**WORK INSTRUCTION:** Return each entry word for word and skip its pictures.

++++++++++

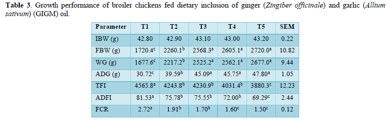 The objective of the present study was to determine effect of dietary inclusion of (Zingier Officinal) and garlic (Allium sativum) oil mixture (GIGM) on the growth performance and caecal microbial population of broiler chickens. One hundred and fifty-one-day-old broiler chicks (Ross 308) were randomly allocated into 5 treatments with three replicates consisting of 10 birds each in a completely randomized design. Birds in treatment 1 (T1) was fed basal diet with 0 % inclusion of GIGM while T2, T3, T4 and T5 were given 0.1 %, 0.2 %, 0.3 % and 0.4 % respectively. Clean feed and water were offered ad libitum and all other management practices were strictly observed throughout the experiment which lasted for 56 days. Results obtained were used to determine weight gain (WG), average daily weight gain (ADWG), total feed intake (TFI), average daily feed intake (ADFI), feed conversion ratio (FCR) and microbial population of E. coli, Salmonella spp and Lactobacillus spp. ADWG, ADFI and FCR were significantly (P ˂ 0.05) influenced by the dietary inclusion of GIGM. ADWG were highest in T5 (47.80 g), T4 (45.75 g) and T3 (45.09 g), intermediate in T2 (39.59 g) and lowest in T1 (30.72 g). Lactobacillus spp increased as the level of dietary inclusion of GIGM increases (P ˂ 0.05). E. coli and Salmonella spp counts were significantly (P ˂ 0.05) different among the treatments. It was concluded that GIGM could be included in the diet of broilers up to 0.4 % without causing any deleterious effect on the performance and health of birds.
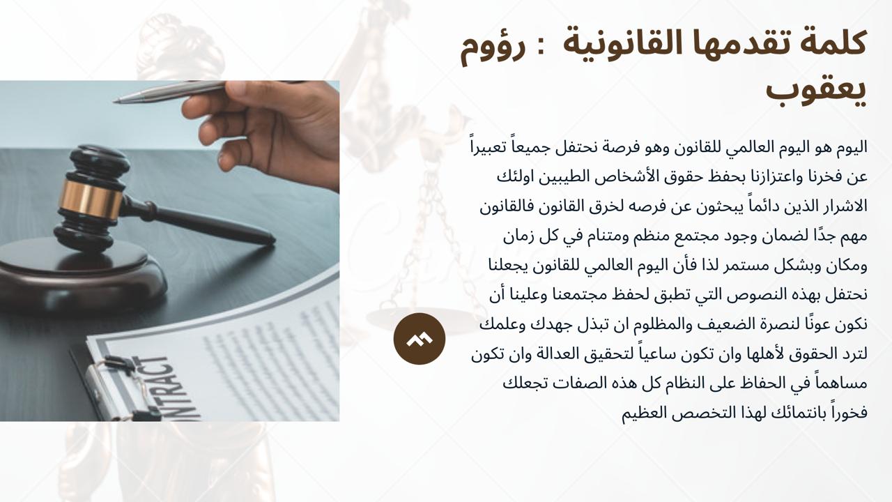 ومن ثم عقبتها كلمة للطالبة رؤوم يعقوب عن القانون تبث على الفخر والاعتزاز على لسانها بقول كوننا أشخاص نتخذ القانون وسيلة وذريعة لحفظ حقوق الأشخاص من حولنا.
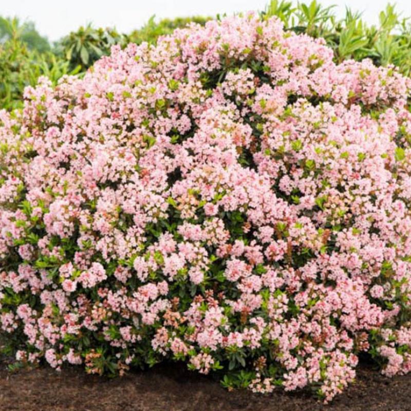 A compact, evergreen rhododendron bred to resemble boxwood, Bloombux forms a dense, naturally rounded mound of small, glossy green leaves. In late spring, the plant is covered with masses of soft pink flowers. Heat tolerant, disease resistant, and easy to maintain, it is an excellent alternative to boxwood for low hedges and formal plantings.
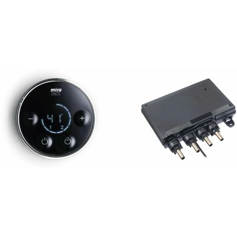 Get the ultimate in showering control with Mira’s easy to use wireless dual controller from the Platinum range. All you’ll need to do is decide which fittings you’d like to go with this high-pressure option. The Mira Platinum valve and controller provides the user with total protection with a number of different safety features. Precise temperature control and a maximum temperature setting keeps all the family safe, stopping vulnerable people from accidentally putting the temperature too high. Thermostatic control keeps the temperature completely level too, a great feature to stop sudden changes when other appliances are used elsewhere in the house. The controller is of course wireless, meaning you can mount it up to 10m away from the digital mixing valve for the most convenient installation for you. You can even add a second controller if you wanted to be able to get the shower warmed up before you get there. Talking of warming up, the brilliantly clever warm-up mode pauses at your ideal temperature so it’s perfect when you want to get it. A digital clock display keeps you running on time. This also works hand in hand with the Eco mode, showing a 5-minute timer to help conserve water and save battery life. Features & Benefits: • High pressure option • Wireless data connection between mixer and controller • Thermostatic control to stop water temperature fluctuations • Automatic shutdown • Maximum temperature setting • Separate temperature and flow controls • Programmable functions • Programmable to suit your customers’ lifestyle – warm up mode, shower timer, eco setting and clock display • Large, long life filters & a replaceable cartridge • 15mm push fit inlet connections • 15mm push fit outlet connections • Built in push-fit isolators • Fantastic 5 Year guarantee Technical Specifications: • Cold Water range 1°C-20°C • Hot Water range 55°C-65°C • Minimum maintained pressure: High pressure: 0.5 bar (5 metre head) • Maximum maintained pressure: High pressure: 5.0 bar (50 metre head) • Maximum static pressure: High Pressure: 10.0 bar (100 metre head) • Flow rate: Up to 16 l/min at 1 Bar
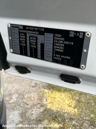 TRACTEUR SCANIA R 450 HIGH LINE EURO6 BOITE AUTOMATIQUE RETARDER CLIMATISATION CHAUFFAGE DEFLECTEUR 2 RSERVOIRS : 500L // 400L BLOCAGE DIFFERENTIEL ORDINATEUR DE BORD 1COUCHETTES GPS FRIGO SUSPENSIONS LAMES AVANT ET SUSPENSIONS AIR ARRIERE IMMAT : FA 797 WQ AN : 04/10/2018 KMS : 594659 CHASSIS : YS2R4X20009244393 MINES : 02/04/2026 DOSSIER : 5972 PHOTOS : VEHICULE VISIBLE A SAVIM 165 CHEMIN DU GUIGONNET 13270 FOS SUR MER TARIF HT : SUR DEMANDE
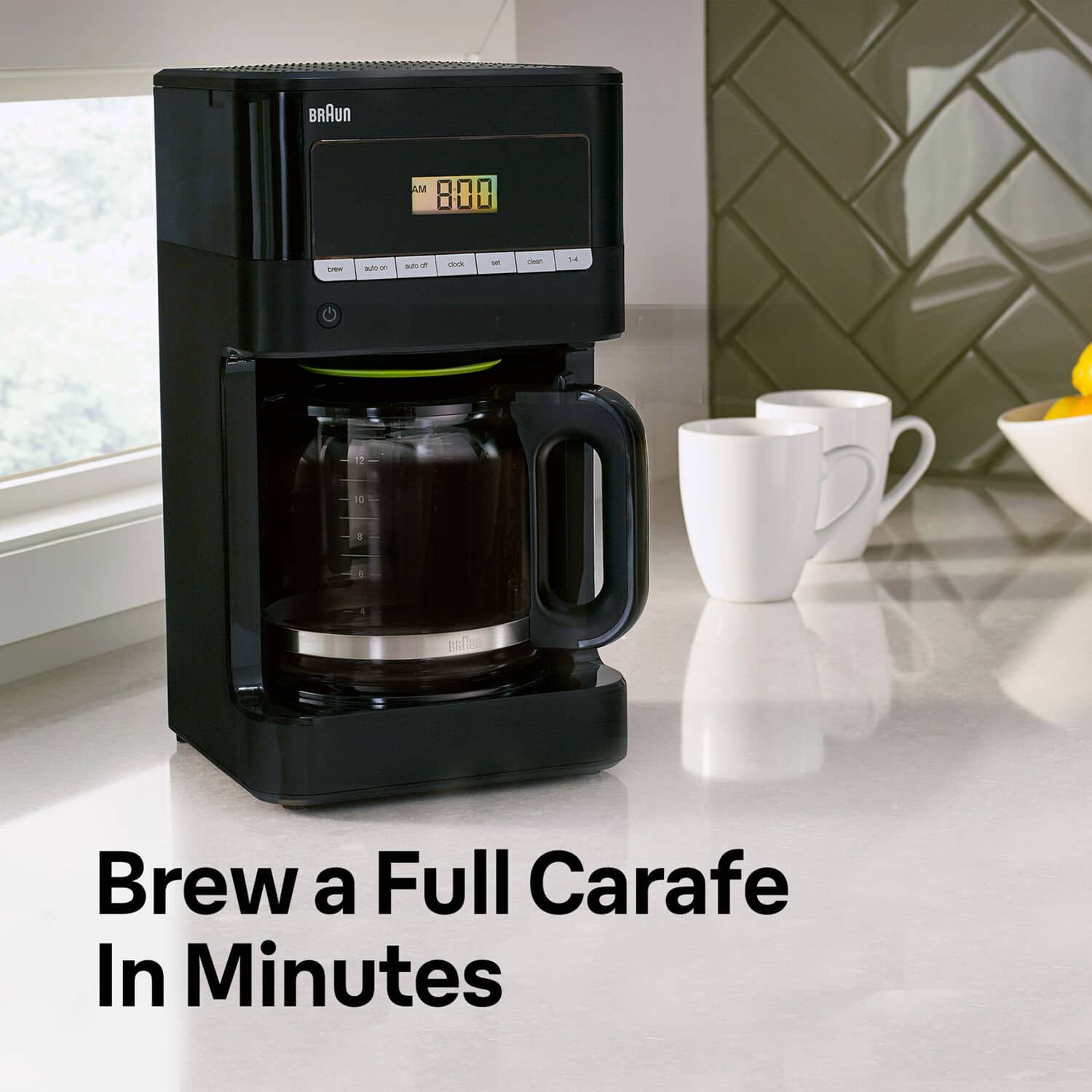 • Like the perfect brew, quality lies in the details. Braun’s BrewSense 12-cup drip coffee maker, model KF7000BK, blends thoughtful design and reliability for rich, bold coffee in the comfort of your home. Braun’s years of brewing knowledge, attention to detail and unique PureFlavor system bring out all of the savory richness and flavor that make for a satisfying coffee experience. The streamlined design and sleek black finish allow Braun's BrewSense Coffee Maker to be the perfect complement to any contemporary kitchen. For the ultimate in precision, the unique carafe lid seals in flavor, while the anti-drip system allows you to pour any time during the brewing cycle. A fully automatic 24-hour programmable timer means your much-needed first cup of coffee will be waiting for you when you want it. Once the familiar aroma of freshly ground, brewed coffee fills your kitchen, you know something special awaits you. Discover rich, fresh-brewed coffee every day, with Braun.
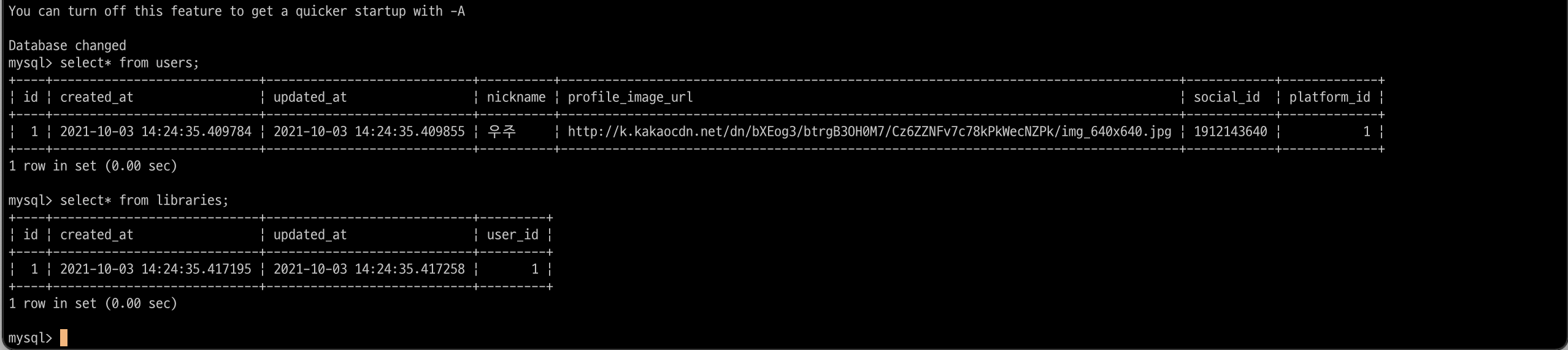 - 본 프로젝트는 향후 확장성을 고려해 플랫폼을 나누어서 모델링하였습니다.(id=1에 kakao라는 플랫폼을 저장해둠)
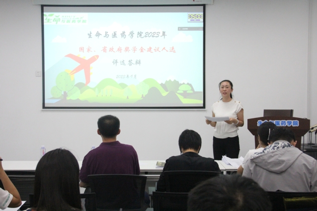 9月21日下午,学院在13号教学楼215室召开2023年国家奖学金、省政府奖学金评选答辩会,学院党委副书记姜素琼出席并主持会议。院生物科学系主任张建勇、生物工程系主任高秀珍、制药工程系教师代表孙文龙,辅导员翟静涛、李超、陈颖洁以及各年级学生代表作为评委会成员参加会议。各年级部分观摩学生列席。
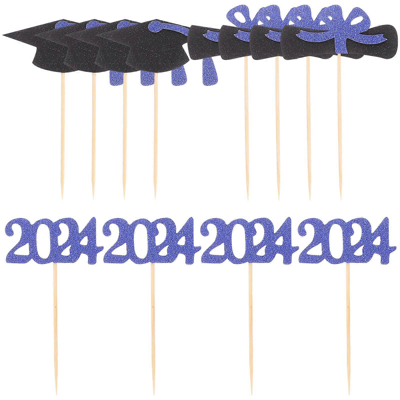Graduation Cupcake Toppers Cap Shape for Celebration Events Blue Paper Wood Party Supplies 12Pcs
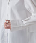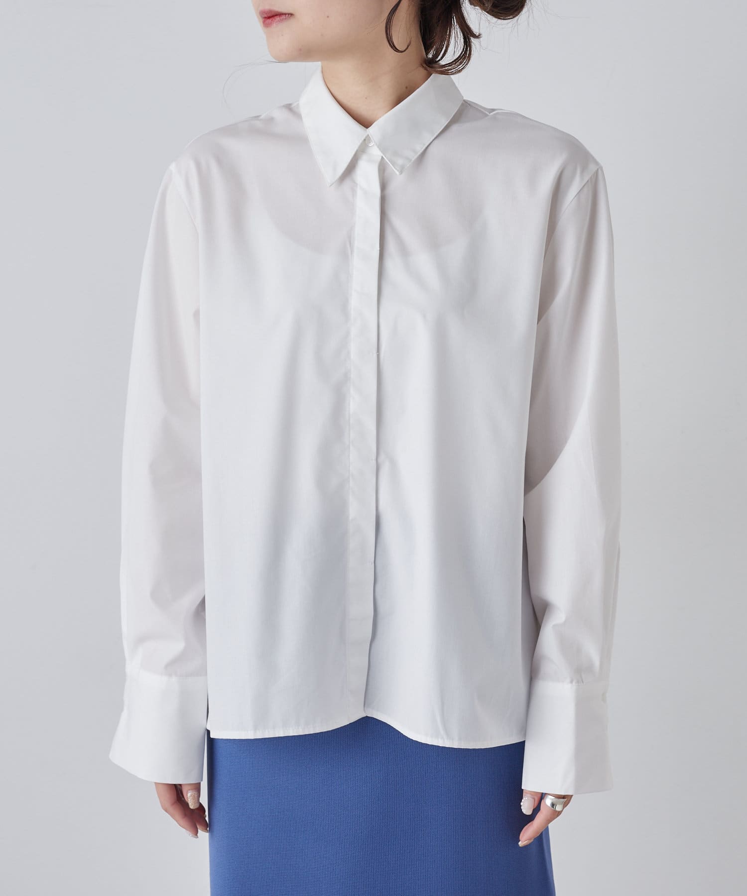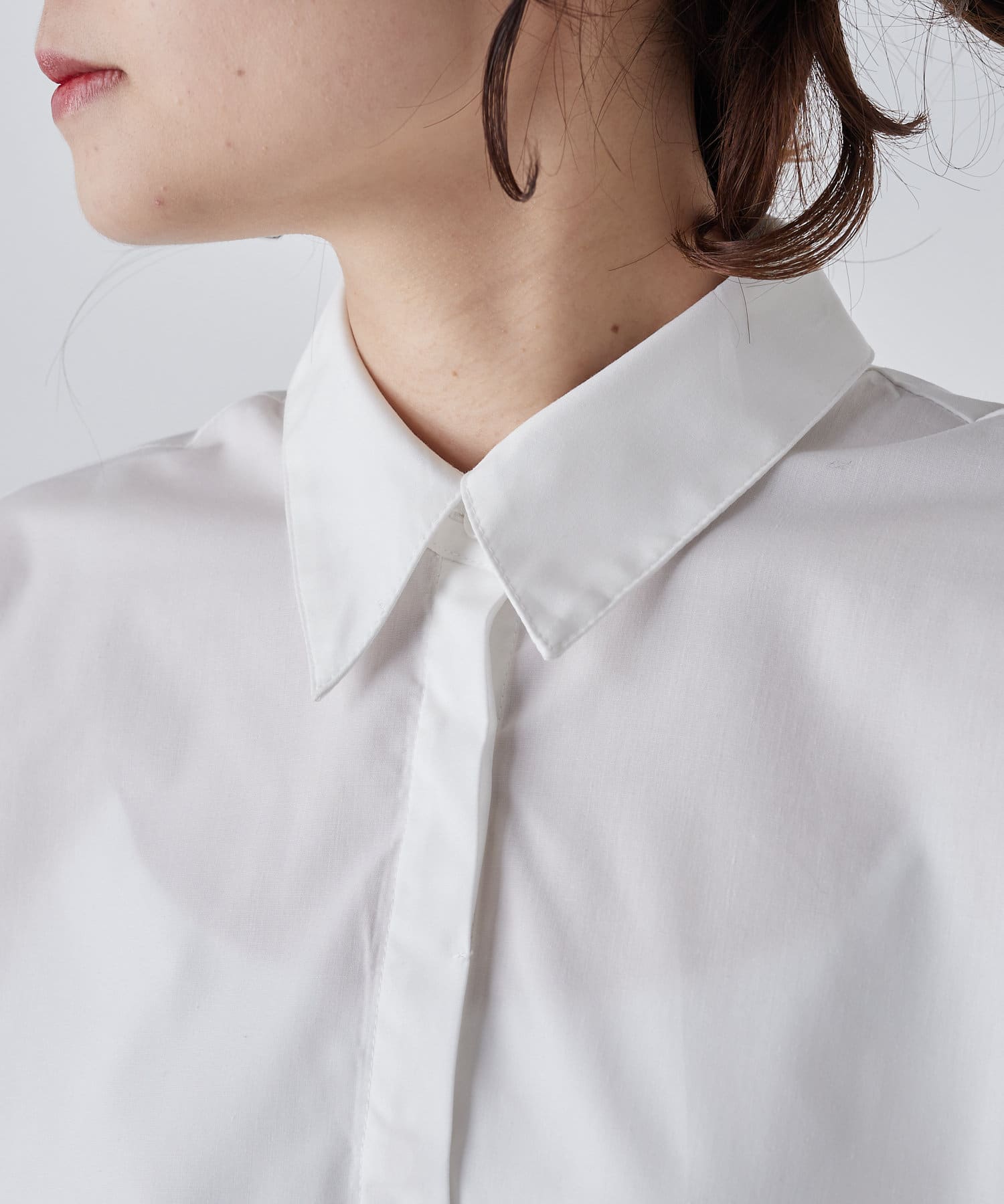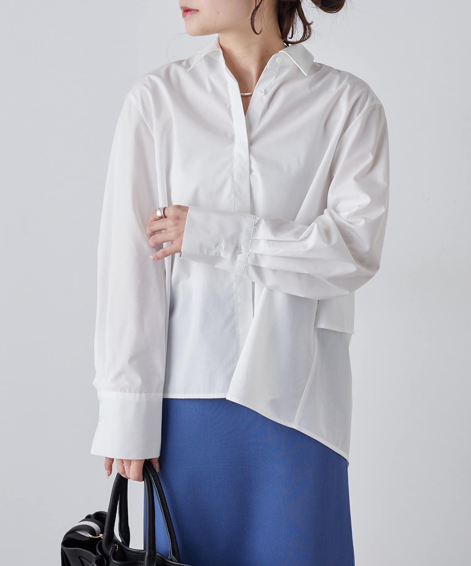 フロントは比翼デザインでシンプルなシャツ見えデザインにし、コーディネートのしやすさがポイント。

++++++++++

**WRITTEN RESPONSE:**
 The objective of the present study was to determine effect of dietary inclusion of (Zingier Officinal) and garlic (Allium sativum) oil mixture (GIGM) on the growth performance and caecal microbial population of broiler chickens. One hundred and fifty-one-day-old broiler chicks (Ross 308) were randomly allocated into 5 treatments with three replicates consisting of 10 birds each in a completely randomized design. Birds in treatment 1 (T1) was fed basal diet with 0 % inclusion of GIGM while T2, T3, T4 and T5 were given 0.1 %, 0.2 %, 0.3 % and 0.4 % respectively. Clean feed and water were offered ad libitum and all other management practices were strictly observed throughout the experiment which lasted for 56 days. Results obtained were used to determine weight gain (WG), average daily weight gain (ADWG), total feed intake (TFI), average daily feed intake (ADFI), feed conversion ratio (FCR) and microbial population of E. coli, Salmonella spp and Lactobacillus spp. ADWG, ADFI and FCR were significantly (P ˂ 0.05) influenced by the dietary inclusion of GIGM. ADWG were highest in T5 (47.80 g), T4 (45.75 g) and T3 (45.09 g), intermediate in T2 (39.59 g) and lowest in T1 (30.72 g). Lactobacillus spp increased as the level of dietary inclusion of GIGM increases (P ˂ 0.05). E. coli and Salmonella spp counts were significantly (P ˂ 0.05) different among the treatments. It was concluded that GIGM could be included in the diet of broilers up to 0.4 % without causing any deleterious effect on the performance and health of birds.
 ومن ثم عقبتها كلمة للطالبة رؤوم يعقوب عن القانون تبث على الفخر والاعتزاز على لسانها بقول كوننا أشخاص نتخذ القانون وسيلة وذريعة لحفظ حقوق الأشخاص من حولنا.
 A compact, evergreen rhododendron bred to resemble boxwood, Bloombux forms a dense, naturally rounded mound of small, glossy green leaves. In late spring, the plant is covered with masses of soft pink flowers. Heat tolerant, disease resistant, and easy to maintain, it is an excellent alternative to boxwood for low hedges and formal plantings.
 Get the ultimate in showering control with Mira’s easy to use wireless dual controller from the Platinum range. All you’ll need to do is decide which fittings you’d like to go with this high-pressure option. The Mira Platinum valve and controller provides the user with total protection with a number of different safety features. Precise temperature control and a maximum temperature setting keeps all the family safe, stopping vulnerable people from accidentally putting the temperature too high. Thermostatic control keeps the temperature completely level too, a great feature to stop sudden changes when other appliances are used elsewhere in the house. The controller is of course wireless, meaning you can mount it up to 10m away from the digital mixing valve for the most convenient installation for you. You can even add a second controller if you wanted to be able to get the shower warmed up before you get there. Talking of warming up, the brilliantly clever warm-up mode pauses at your ideal temperature so it’s perfect when you want to get it. A digital clock display keeps you running on time. This also works hand in hand with the Eco mode, showing a 5-minute timer to help conserve water and save battery life. Features & Benefits: • High pressure option • Wireless data connection between mixer and controller • Thermostatic control to stop water temperature fluctuations • Automatic shutdown • Maximum temperature setting • Separate temperature and flow controls • Programmable functions • Programmable to suit your customers’ lifestyle – warm up mode, shower timer, eco setting and clock display • Large, long life filters & a replaceable cartridge • 15mm push fit inlet connections • 15mm push fit outlet connections • Built in push-fit isolators • Fantastic 5 Year guarantee Technical Specifications: • Cold Water range 1°C-20°C • Hot Water range 55°C-65°C • Minimum maintained pressure: High pressure: 0.5 bar (5 metre head) • Maximum maintained pressure: High pressure: 5.0 bar (50 metre head) • Maximum static pressure: High Pressure: 10.0 bar (100 metre head) • Flow rate: Up to 16 l/min at 1 Bar
 TRACTEUR SCANIA R 450 HIGH LINE EURO6 BOITE AUTOMATIQUE RETARDER CLIMATISATION CHAUFFAGE DEFLECTEUR 2 RSERVOIRS : 500L // 400L BLOCAGE DIFFERENTIEL ORDINATEUR DE BORD 1COUCHETTES GPS FRIGO SUSPENSIONS LAMES AVANT ET SUSPENSIONS AIR ARRIERE IMMAT : FA 797 WQ AN : 04/10/2018 KMS : 594659 CHASSIS : YS2R4X20009244393 MINES : 02/04/2026 DOSSIER : 5972 PHOTOS : VEHICULE VISIBLE A SAVIM 165 CHEMIN DU GUIGONNET 13270 FOS SUR MER TARIF HT : SUR DEMANDE
 • Like the perfect brew, quality lies in the details. Braun’s BrewSense 12-cup drip coffee maker, model KF7000BK, blends thoughtful design and reliability for rich, bold coffee in the comfort of your home. Braun’s years of brewing knowledge, attention to detail and unique PureFlavor system bring out all of the savory richness and flavor that make for a satisfying coffee experience. The streamlined design and sleek black finish allow Braun's BrewSense Coffee Maker to be the perfect complement to any contemporary kitchen. For the ultimate in precision, the unique carafe lid seals in flavor, while the anti-drip system allows you to pour any time during the brewing cycle. A fully automatic 24-hour programmable timer means your much-needed first cup of coffee will be waiting for you when you want it. Once the familiar aroma of freshly ground, brewed coffee fills your kitchen, you know something special awaits you. Discover rich, fresh-brewed coffee every day, with Braun.
 - 본 프로젝트는 향후 확장성을 고려해 플랫폼을 나누어서 모델링하였습니다.(id=1에 kakao라는 플랫폼을 저장해둠)
 9月21日下午,学院在13号教学楼215室召开2023年国家奖学金、省政府奖学金评选答辩会,学院党委副书记姜素琼出席并主持会议。院生物科学系主任张建勇、生物工程系主任高秀珍、制药工程系教师代表孙文龙,辅导员翟静涛、李超、陈颖洁以及各年级学生代表作为评委会成员参加会议。各年级部分观摩学生列席。
Graduation Cupcake Toppers Cap Shape for Celebration Events Blue Paper Wood Party Supplies 12Pcs
 フロントは比翼デザインでシンプルなシャツ見えデザインにし、コーディネートのしやすさがポイント。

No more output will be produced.